> Task instructions:
Going line by line through the records below, write out everything starting with the line containing "vườn dâu rải" and going on through the line containing "But in Luke, grace", exactly and inclusively. Pictures do not go in.

> Dataset entries:

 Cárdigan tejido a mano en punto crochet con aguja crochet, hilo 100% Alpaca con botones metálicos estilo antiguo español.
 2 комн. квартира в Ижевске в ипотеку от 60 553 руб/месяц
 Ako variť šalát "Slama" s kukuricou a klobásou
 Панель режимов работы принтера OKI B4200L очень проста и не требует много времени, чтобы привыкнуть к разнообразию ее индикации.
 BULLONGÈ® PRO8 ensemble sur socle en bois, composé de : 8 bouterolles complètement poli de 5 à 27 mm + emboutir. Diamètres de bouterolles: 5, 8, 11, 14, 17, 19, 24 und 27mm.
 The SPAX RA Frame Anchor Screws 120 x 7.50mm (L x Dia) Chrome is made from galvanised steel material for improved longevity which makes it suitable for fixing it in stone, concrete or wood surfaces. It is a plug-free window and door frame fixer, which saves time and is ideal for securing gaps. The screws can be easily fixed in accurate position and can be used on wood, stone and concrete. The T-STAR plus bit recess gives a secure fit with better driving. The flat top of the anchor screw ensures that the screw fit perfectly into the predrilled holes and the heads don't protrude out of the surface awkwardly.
* * *
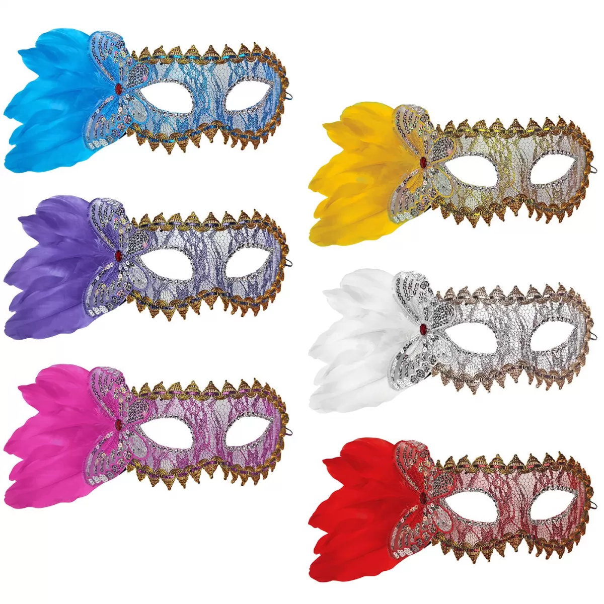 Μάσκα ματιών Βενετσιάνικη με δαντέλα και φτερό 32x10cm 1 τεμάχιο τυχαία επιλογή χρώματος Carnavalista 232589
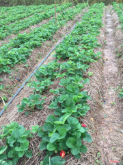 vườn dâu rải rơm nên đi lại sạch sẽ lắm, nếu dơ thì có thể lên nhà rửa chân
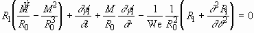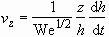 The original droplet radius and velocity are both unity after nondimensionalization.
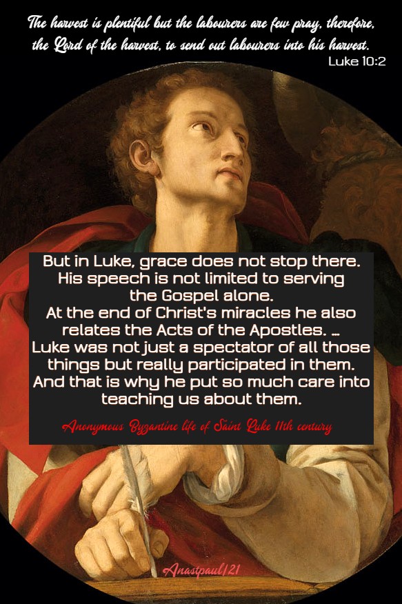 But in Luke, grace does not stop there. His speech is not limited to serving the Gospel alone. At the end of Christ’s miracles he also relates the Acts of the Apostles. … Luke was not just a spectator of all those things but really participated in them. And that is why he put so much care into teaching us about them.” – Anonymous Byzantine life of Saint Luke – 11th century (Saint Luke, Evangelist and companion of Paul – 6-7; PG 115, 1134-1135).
* * *
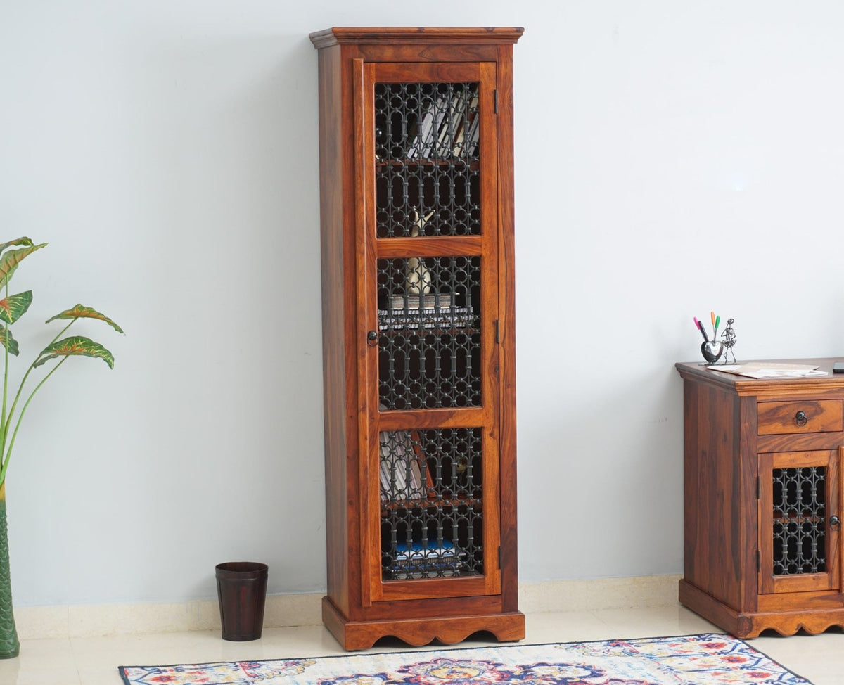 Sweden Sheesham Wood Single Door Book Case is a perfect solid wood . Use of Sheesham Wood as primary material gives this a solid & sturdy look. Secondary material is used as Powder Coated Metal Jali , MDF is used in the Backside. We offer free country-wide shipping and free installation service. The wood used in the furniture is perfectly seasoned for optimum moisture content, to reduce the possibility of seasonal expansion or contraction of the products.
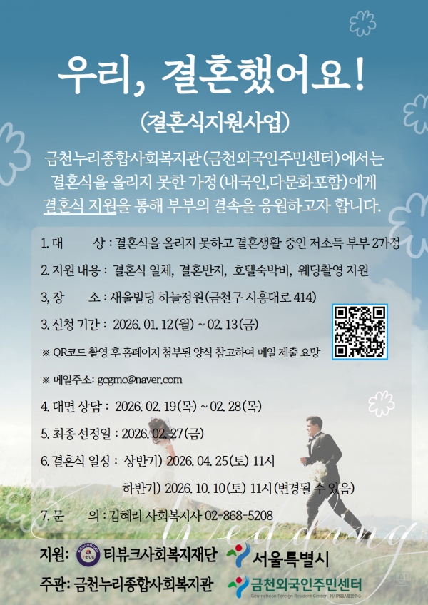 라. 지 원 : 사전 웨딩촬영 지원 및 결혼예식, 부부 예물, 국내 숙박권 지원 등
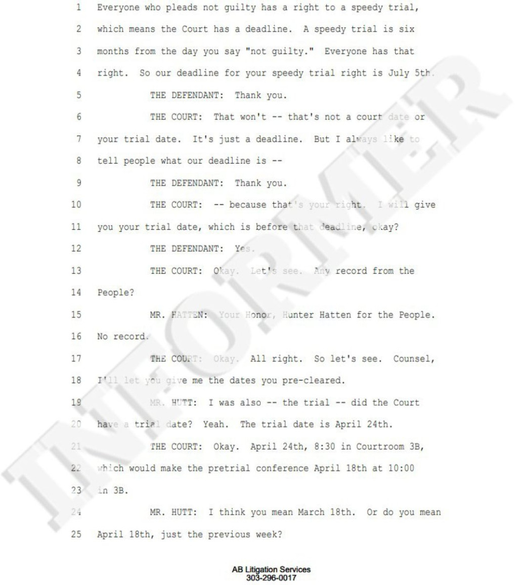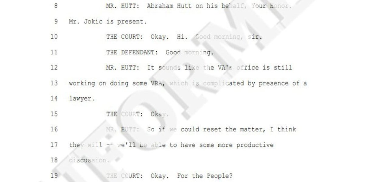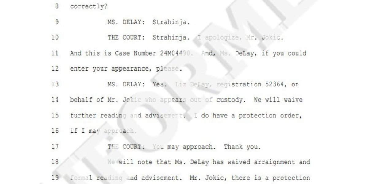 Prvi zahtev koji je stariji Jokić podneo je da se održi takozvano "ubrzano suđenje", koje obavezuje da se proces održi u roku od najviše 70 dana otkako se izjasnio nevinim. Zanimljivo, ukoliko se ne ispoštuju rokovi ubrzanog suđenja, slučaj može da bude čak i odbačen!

> Response to the exercise:
 vườn dâu rải rơm nên đi lại sạch sẽ lắm, nếu dơ thì có thể lên nhà rửa chân
 The original droplet radius and velocity are both unity after nondimensionalization.
 But in Luke, grace does not stop there. His speech is not limited to serving the Gospel alone. At the end of Christ’s miracles he also relates the Acts of the Apostles. … Luke was not just a spectator of all those things but really participated in them. And that is why he put so much care into teaching us about them.” – Anonymous Byzantine life of Saint Luke – 11th century (Saint Luke, Evangelist and companion of Paul – 6-7; PG 115, 1134-1135).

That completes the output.